An employee relations representative negotiates employee contracts and represents employees regarding issues such as benefits and workplace practices. These professionals need a bachelor's degree in labor relations or human resources, as well as an understanding of the personnel procedures, federal labor laws and state labor laws.
Employee relations representatives work in human resources departments for public and private companies, as well as government agencies. These professionals ensure the welfare of their coworkers. Most employee relations representatives have completed a bachelor's program.
|Required Education||Bachelor's degree|
|Projected Job Growth (2018-2028)*||8% decline for all labor relations specialists|
|Median Salary (2018)*||$67,790 for all labor relations specialists|
Source: *U.S. Bureau of Labor Statistics
Employee relations representatives often assist in negotiating labor relations. This may entail dealing with wages, pensions, and benefits complaints, in addition to other practices in the workplace. For this reason, employee relations representatives might work with union representatives, if such individuals exist within the organization.
Employee relations representatives also must be familiar with personnel rules and practices. They need to understand state and federal labor laws, as well as any rules that are specific to their employer. Employee relations representatives also might ensure that accommodations are in place for workers who have disabilities or who engage in certain religious practices.
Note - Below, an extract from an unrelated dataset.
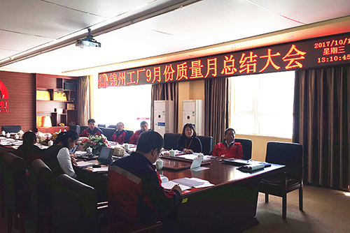 10月11日,,,,,锦州生产基地召开九月质量月总结大会,,,,,由厂长许朝晖主持,,,,,各部分相关职员加入了聚会。。。。。。。。
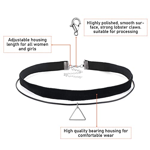 【Abbinamento di Stili Multipli】 Il girocollo con collana girocollo nera da donna è realizzato in pelle di velluto e lega di metallo, comodo e durevole da usare. Ogni collana girocollo nera è in stile tatuaggio, pizzo, henné, steampunk, nastro, goth, punk rock, a strati e altro ancora. Puoi anche creare il tuo stile aggiungendo fascino

If working for an international company, an employee relations representative may help deal with cultural issues. It is the employee relations representative's job to keep such misunderstandings from happening, or to ameliorate the situation if they do.
Training for Employee Relations Representatives
Employee relations representatives are typically college graduates. Students might consider majoring in human resources, labor relations, or a related field. Programs may explore topics in workplace regulations and employee compensation. They also might require students to complete internships, documenting their experience and submitting a formal paper for a grade.
Job Outlook for Employee Relations Representatives
According to the U.S. Bureau of Labor Statistics (BLS), opportunities for labor relations specialists were expected to decline by 8% between 2018 and 2028 (www.bls.gov). The decline is due to the fact that fewer employees are represented by unions. The BLS indicated that college graduates with degrees in human resources, labor relations, or a closely related field should have the best job opportunities. The median annual salary earned by labor relations specialists in May 2018 was published as $67,790 by the BLS.
Employee relations representatives address issues on behalf of employees. These issues can range from accommodations for religious practices to negotiating for benefits from the employer. Employee relations representatives usually have a bachelor's degree in labor relations, human resources or a related subject area to prepare to perform the duties associated with this job.